In an article carried by the midweek Nation on 24th February 2010 the declared value of the then three remaining GEMS hotels were stated at BDS$ 74 million plus an accumulated debt of $229 million. With a total of 244 rooms that values each room at $303,278 when averaging it across the Hotels and Resorts Ltd properties.
Recently it was announced that a prominent private sector player had acquired Time Out for $7.5 million. With 76 rooms, this equates to well under $100,000 per room, less than a third of the valuation stated seven years ago or almost $16 million below book price.
Hotels and Resorts Ltd currently only operate one remaining hotel, Blue Horizon and the financial state of that property is a complete unknown as no audited accounts have been made available to the taxpayers, so we are all left to guess what other negative trading liabilities there could be.
The new owner of Time Out has had a long and seemingly successful history of managing and operating hotels and other tourism services for decades, again apparently without all the concessions granted to highly restricted chosen few. I personally have no doubt that after considerable upgrading the newest St. Lawrence Gap acquisition will be no exception.

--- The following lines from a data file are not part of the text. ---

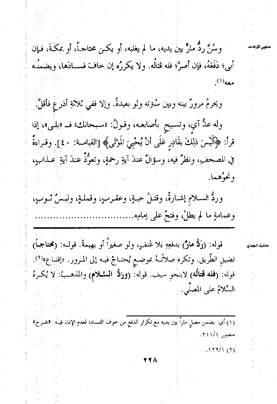 وسُنَّ رَدُّ مَارٍّ بَيْنَ يَدَيْهِ مَا لَمْ يَغْلِبْهُ أَوْ يَكُنْ مُحْتَاجًا أَوْ بِمَكَّةَ فَإِنْ أَبَى فَإِنْ أَصَرَّ فَلَهُ قِتَالُهُ وَلَا يُكَرِّرُهُ إنْ خَافَ فَسَادَهَا وَيَضْمَنُهُ مَعَهُ وَيَحْرُمُ مُرُورٌ بَيْنَهُ وَبَيْنَ سُتْرَتِهِ. وَلَوْ بَعِيدَةً وَإِلَّا فَفِي ثَلَاثَةِ أَذْرُعٍ فَأَقَلَّ وَلَهُ عَدُّ آيِ وَتَسْبِيحٍ بِأَصَابِعِهِ وقَوْلُ: سُبْحَانَكَ، فَبَلَى إذَا قَرَأَ {أَلَيْسَ ذَلِكَ بِقَادِرٍ عَلَى أَنْ يُحْيِيَ الْمَوْتَى} [القيامة: 40] نَصًّا، فَرْضًا كَانَتْ أَوْ نَفْلًا لِلْخَبَرِ. وَأَمَّا {أَلَيْسَ اللَّهُ بِأَحْكَمِ الْحَاكِمِينَ؟} [التين: 8] فَفِي الْخَبَرِ فِيهَا نَظَرٌ، ذَكَرَهُ فِي الْفُرُوعِ ووَ سُؤَالُ عِنْدَ آيَةَ رَحْمَةٍ وَتَعَوُّذٍ بِهِ عِنْدَ آيَةِ عَذَابٍ ونَحْوُهُمَا ورَدُّ السَّلَامِ إشَارَةً وقَتْلُ حَيَّةً وَعَقْرَبٍ وَقَمْلَةٍ ولُبْسُ عِمَامَةٍ وَثَوْبٍ مَا لَمْ يُطِلْ وَفَتْحٌ عَلَى إمَامِهِ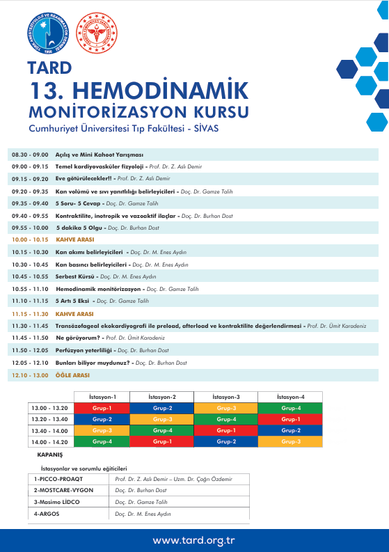 Anesteziyoloji ve Reanimasyon Ana Bilim Dalı Başkanlığı tarafından 11 Nisan 2026 (Cumartesi) günü TARD "13.Hemodinamik Monitorizasyon Kursu" adlı bilimsel toplantı düzenlenecektir.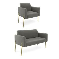 Sofá Namoradeira e Poltrona Pé de Ferro Dourado Marisa Suede D03 - D'Rossi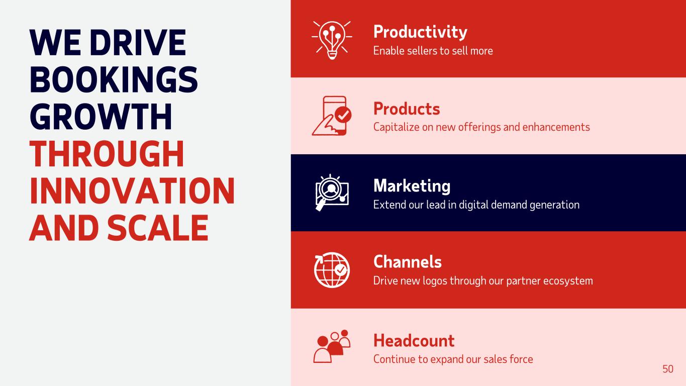 Products Capitalize on new offerings and enhancements Marketing Extend our lead in digital demand generation Channels Drive new logos through our partner ecosystem Headcount Continue to expand our sales force WE DRIVE BOOKINGS GROWTH THROUGH INNOVATION AND SCALE 50 Productivity Enable sellers to sell more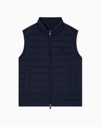 Sleeveless nylon down jacket with full-zip fastening and eagle patch on the chest. The simple, modern nature of this men’s down jacket is enhanced by genuine feather padding and a matelasse effect. The perfect item for urban day wear. This item belongs to the Essentials clothing selection, the Emporio Armani capsule collection that is an evergreen statement of style: an ongoing collection with clean, well-designed shapes for a wardrobe that meets the demands of any season. These “essential”, versatile pieces are a must-have for the male wardrobe. Product Code: 8N1BQ11NLRZ10920 Details Composition 100% Polyester Nylon Quilted Full-zip closure Sleeveless Front logo patch Side pockets Fitting The model is 188 cm tall and is wearing size 48/M (Italian Size)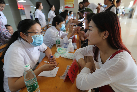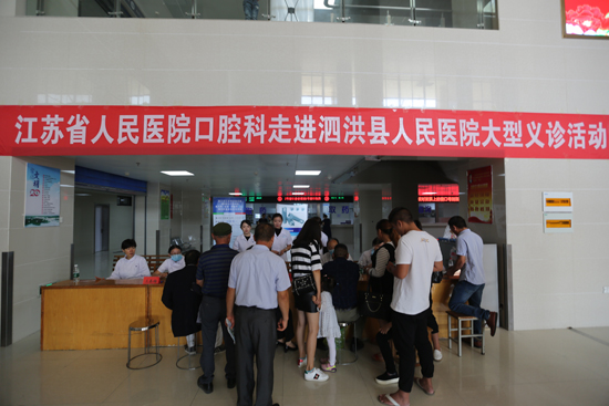 一大早,来自江苏省人民医院口腔科的医疗专家,就来到泗洪县人民医院门诊一楼大厅,投入到紧张、有序、高效的义诊工作中,为当地群众提供体检、诊断、专题讲座等免费医疗服务,同时给予泗洪县人民医院的医生指导与帮助。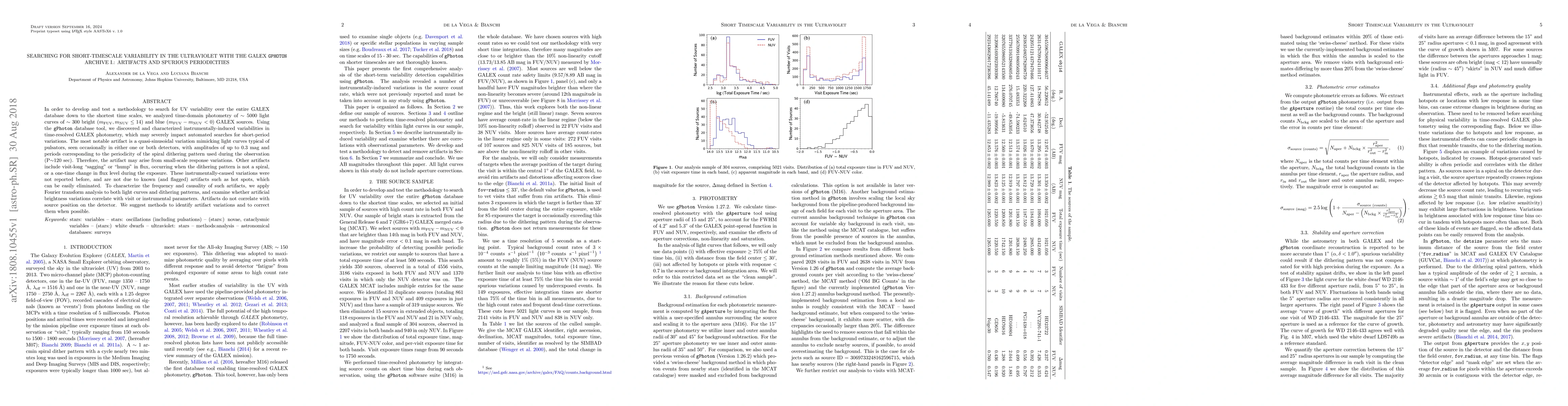 In order to develop and test a methodology to search for UV variability over the entire GALEX database down to the shortest time scales, we analyzed time-domain photometry of $\sim5000$ light curves of $\sim300$ bright $(m_{\rm{FUV}}, m_{\rm{NUV}} \leq 14)$ and blue $(m_{\rm{FUV}} - m_{\rm{NUV}} < 0)$ GALEX sources. Using the \gphoton \ database tool, we discovered and characterized instrumentally-induced variabilities in time-resolved GALEX photometry, which may severely impact automated searches for short-period variations. The most notable artifact is a quasi-sinusoidal variation mimicking light curves typical of pulsators, seen occasionally in either one or both detectors, with amplitudes of up to 0.3 mag and periods corresponding to the periodicity of the spiral dithering pattern used during the observation (P$\sim$120 sec). Therefore, the artifact may arise from small-scale response variations. Other artifacts include visit-long "sagging" or "hump" in flux, occurring when the dithering pattern is not a spiral, or a one-time change in flux level during the exposure. These instrumentally-caused variations were not reported before, and are not due to known (and flagged) artifacts such as hot spots, which can be easily eliminated. To characterize the frequency and causality of such artifacts, we apply Fourier transform analysis to both light curves and dithering patterns, and examine whether artificial brightness variations correlate with visit or instrumental parameters. Artifacts do not correlate with source position on the detector. We suggest methods to identify artifact variations and to correct them when possible.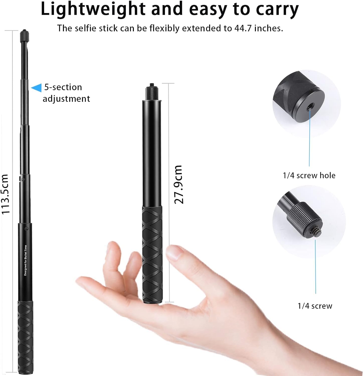 - Flexible Telescopic Design: Extendable from 11 inches to 44.7 inches with a 5-section telescopic tube design, allowing you to capture dynamic shots from various angles and distances effortlessly.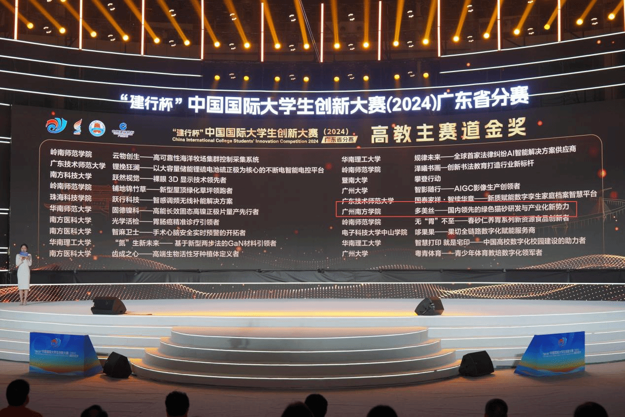 8月21日,中国国际大学生创新大赛广东省分赛在岭南师范学院落下帷幕。本次比赛共有来自广东省各高校370个项目会师决赛,经过激烈的角逐,我校公共管理学院“多美丝——国内领先的绿色猫砂研发与产业化新势力”项目团队脱颖而出,获得金奖。这是我校首次由在校学生组队获得省级金奖。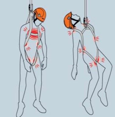 - La sospensione inerte che, a seguito di perdita di conoscenza, può indurre la cosiddetta “patologia causata dalla imbracatura” o “sindrome da sospensione”, che consiste in un rapido peggioramento delle funzioni vitali in particolari condizioni fisiche e patologiche.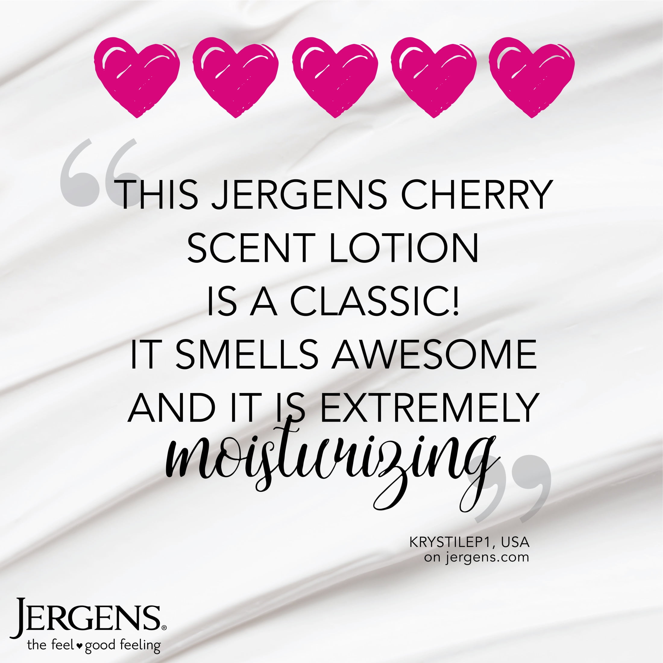 HELPS TO RELIEVE DRY SKIN – Jergens Original Scent Dry Skin Moisturizer provides dry skin with long-lasting, moisture-rich hydration LIGHT FRAGRANCE MOISTURIZER – The iconic Jergens Cherry Almond scent leaves skin lightly fragranced HELPS TO REPAIR DRY SKIN – Jergens Dry Skin Moisturizer helps to restore skin’s luminosity and visibly improve skin’s appearance and texture FORMULATED WITH HYDRATING INGREDIENTS – Combined with Jergens unique HYDRALUCENCE blend, our Dry Skin Moisturizer features nourishing hydrators, and Cherry Almond essence BEST FOR NORMAL TO DRY SKIN – Absorbs into skin for long-lasting hydration

Our insurers recently quoted a replacement or new building cost for a hotel of between $1,500 up to $2,000 per square foot, so perhaps this is a more realistic way of attempting to value open and functional properties.
This latest sale also takes us, the people who financed the Government of the day disastrous foray into hotel ownership and operation almost to closure. We can again only speculate what these hundreds of millions of squandered Dollars on GEMS could have done, if instead they had been invested in creative and cost-effective marketing of the destination, in terms of increased arrival numbers and job creation across the entire sector.
What is also often forgotten is the systematic predatory pricing policy practiced by Gems over years of operation to the detriment of the mostly small hotel private sector players, who then took considerable time to restore viable room rates and anything close to profitability, essentially needed to maintain and upgrade properties on a regular basis.
From our own experience we saw Silver Rock Hotel closed under the St. John family with a minimum room rate of US$120 per night and after tens of millions of taxpayer monies were ploughed into the property and a considerable number of rooms added it re-opened at rates as low as US$80. When eventually it returned to the private sector, property transfer tax for the new owners was waived by Government, again giving a fiscal advantage not available to most other hoteliers.
While this tragic and costly affair in the history of our tourism sector cannot now be rectified, perhaps it will remain as the worst kind of example of Government’s ‘playing’ with our main foreign currency earner and remind every politician that sometimes it is better to let market forces prevail.